The creature made a high-pitched whining noise, the frequency of microphone feedback, and teeth flashed in the semidark. Its eyes began to glow, and Tyler’s insides sank into a quivering pile.

“Margot! The bat!”

Tyler had no idea what this thing was, but she had never seen anything like it before. The hair stood up on her arms and its eyes seemed to glow brighter. The pull on her skin was like the pull from the tv screen.

“Margot!”

Tyler could hear Margot screeching and sobbing and clattering around behind her.
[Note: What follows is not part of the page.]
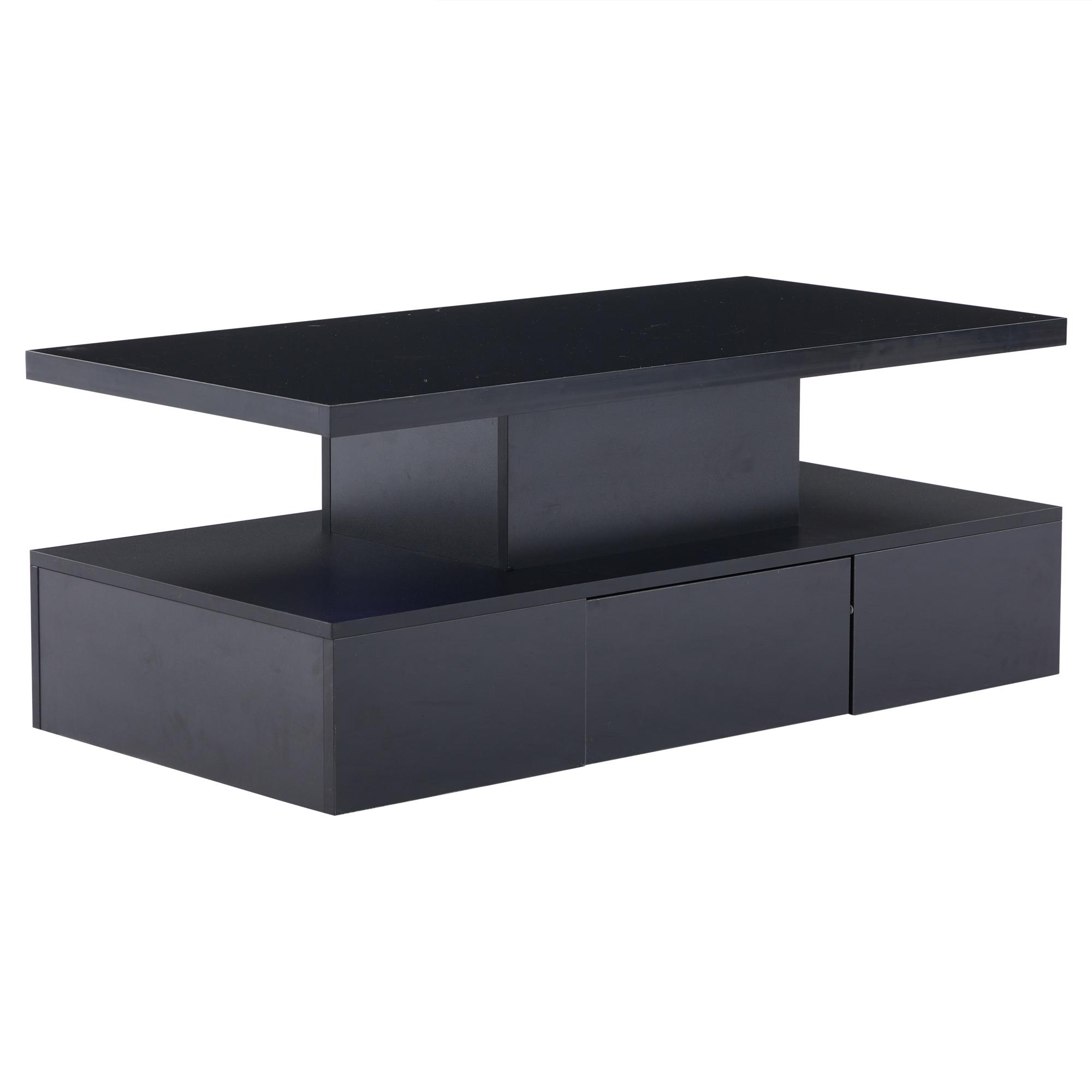 Table basse moderne avec tiroirs et étagères, LED, Noir laqué

She didn’t dare take her eyes off the little demon crouched in the corner.

“Margot, shut up and get me the baseball bat!”

“I can’t find it!”

“Stop crying; that’ll help!”

“I’m calling 911!”

“Margot, give me the baseball bat!”

The creature’s humming grew louder and louder, pressing on Tyler’s ears and filling her head so she couldn’t think straight.

Something clattered across the floor, and Tyler reached out and picked up Margot’s pink Hello Kitty baseball bat from her Little League days. Across the room, Margot was still jabbering.

“Can you see what it is?”

Tyler twisted to face her, baseball bat in hand, the whine in her head building to a crescendo.

“Shut. Up!” she shouted.

Suddenly the creature was in her face, claws jabbing at skin, sharp teeth flashing, something soft and membranous brushing Tyler’s skin like a bug’s wing. She flapped her arm at it, sending off a shower of static sparks. The bat clattered to the floor and Tyler kicked it as she flailed, sending it skidding toward Margot.

“Kill it!” Tyler screamed. Something brushed her lips and got into her mouth and she gagged and sputtered. It stank and the chatter of its teeth, the rustle of its skin, the touch of it on her was too much. “Kill it, Margot!”

“I’ll hit you!” Tyler got a glimpse of Margot holding the bat over her shoulder, poised to take a swing.

“Just kill it!”

Crack.

White light exploded across Tyler’s face. All sense of gravity left her and she collapsed. She hardly felt the impact when she hit the floor.

When she woke up, the creature was gone.

“What was it?” Tyler asked, pushing herself up on an elbow.

Margot shook her head, her eyes wide. The power was back on and the appliances were humming. Dishes were strewn across the floor in the kitchen.

“It’s gone,” Margot whispered. “I called the cops. And an ambulance.”

“Thanks.” Tyler sank back to the floor, groaning. This would not be easy to explain.